The old FX show Justified, along with some of the short stories Elmore Leonard wrote, looked at crime in the poorer areas of Kentucky and the Dixie Mafia. Harlan does have a bit of a speckled history, even if it was obviously exaggerated in the show and books. It would be interesting to find out if the crime rates of Harlan and, say, Dallas or Philadelphia were almost equal, even if the numbers would be far greater in the larger cities, compared to the smaller ones. Harlan is only being used as an example, and I’m not trying to imply it’s some crime-riddled hellhole, so cool your jets before getting angry.

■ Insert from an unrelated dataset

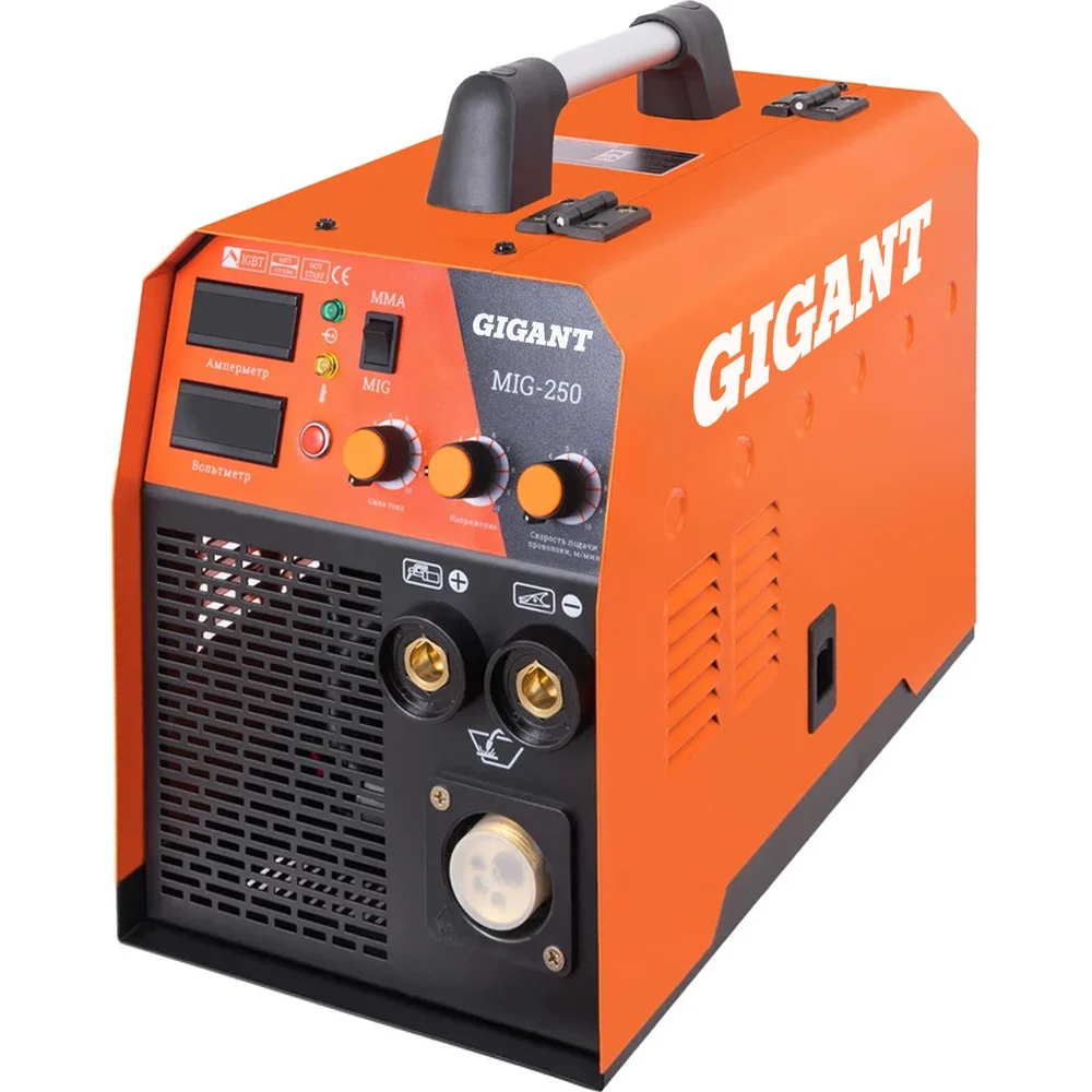 Сварочный полуавтомат - инвертор Gigant MIG-250 подойдет для профессионального выполнения сварочных операций на производстве или строительной площадке при больших объемах работ. Модель удобно переносить с собой за счет наличия эргономичной рукоятки. Информативная панель управления упрощает контроль за устройством и позволяет точно настроить рабочие параметры. Прочный корпус надежно защищает внутренние компоненты от повреждений. Откидная боковая панель открывает доступ к катушке с проволокой. Взять в аренду

It’s certainly possible Rinkeby’s issues are all because of immigration, but I have a sneaking suspicion the poor economy and police crackdown on crime are probably more of a factor. The solution is more market-oriented, and won’t involve the government either handing out benefits to the population or using taxpayer funds to bribe larger businesses. The people are either going to have to take a risk and move to other part of Stockholm or some businessman is going to have to risk opening a company in the area. That’s really the best solution to the economic problem.